◆ RECORDED DATA
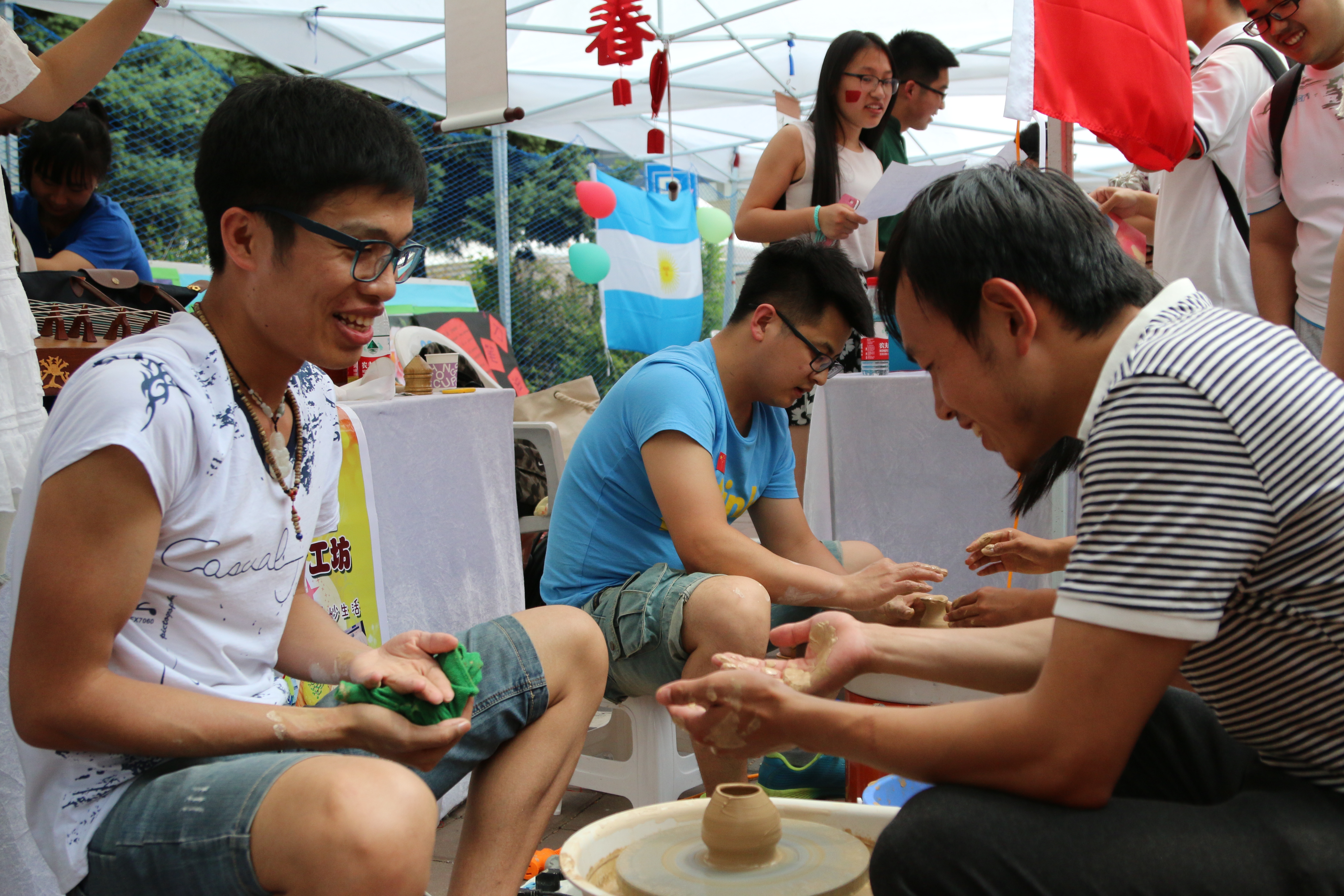 的同学们参与到了吉林大学举行的文化日活动。新成立的“Together”社团全程负责了这次文化日中国馆的布置、管理工作。“Together”社团的同学为中国馆设计了三个体验环节,分别是回答和中国文化相关的题目、亲自制作陶艺花瓶、穿上汉服、唐服并拍照留念。前来参观中国馆的朋友可以分别体验这三个环节,充分参与到中国文化的体验活动中,许多参与体验的留学生说着有些生涩的汉语回答中国文化问题,场面十分有趣。并且很多人是第一次亲身体验陶艺制作,虽然双手沾满了陶艺泥巴,不过看到自己亲自制作出来的陶艺罐子,相信他们的心里充满了成就感。
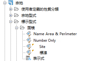 宗地面積標示會如同其顯示於「標示型式管理員」的預覽中般地顯示於圖面中
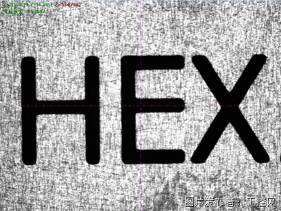 轮廓光照明是将光源放置在物体的背面,使透光和不透光的部分区分开来,透光处呈白(亮)色,不透光处呈黑(暗)色,从而得到一个黑白对比分明的图片,便于清晰地获得物体的轮廓信息。针对非透明件的外形尺寸以及通孔位置,轮廓光是比较理想的选择;针对塑料、玻璃等透明或半透明物体检测时,轮廓光能够有效地突出物体的表面细节特征。下图为使用轮廓光测量金属件轮廓以及透明塑胶件丝印图案的效果图。
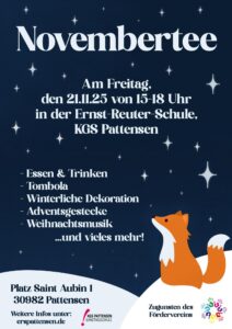 Am Freitag, dem 21.11. findet der diesjährige Novembertee statt.

◆ ACTIVITY
For this exercise, transcribe exactly only the lines from the one containing "宗地面積標示會如同其顯示於「標示型式管理員」的預覽中般地顯示於圖面中" through the end of the listing, inclusive, without the pictures.

◆ EXERCISE RESULT
 宗地面積標示會如同其顯示於「標示型式管理員」的預覽中般地顯示於圖面中
 轮廓光照明是将光源放置在物体的背面,使透光和不透光的部分区分开来,透光处呈白(亮)色,不透光处呈黑(暗)色,从而得到一个黑白对比分明的图片,便于清晰地获得物体的轮廓信息。针对非透明件的外形尺寸以及通孔位置,轮廓光是比较理想的选择;针对塑料、玻璃等透明或半透明物体检测时,轮廓光能够有效地突出物体的表面细节特征。下图为使用轮廓光测量金属件轮廓以及透明塑胶件丝印图案的效果图。
 Am Freitag, dem 21.11. findet der diesjährige Novembertee statt.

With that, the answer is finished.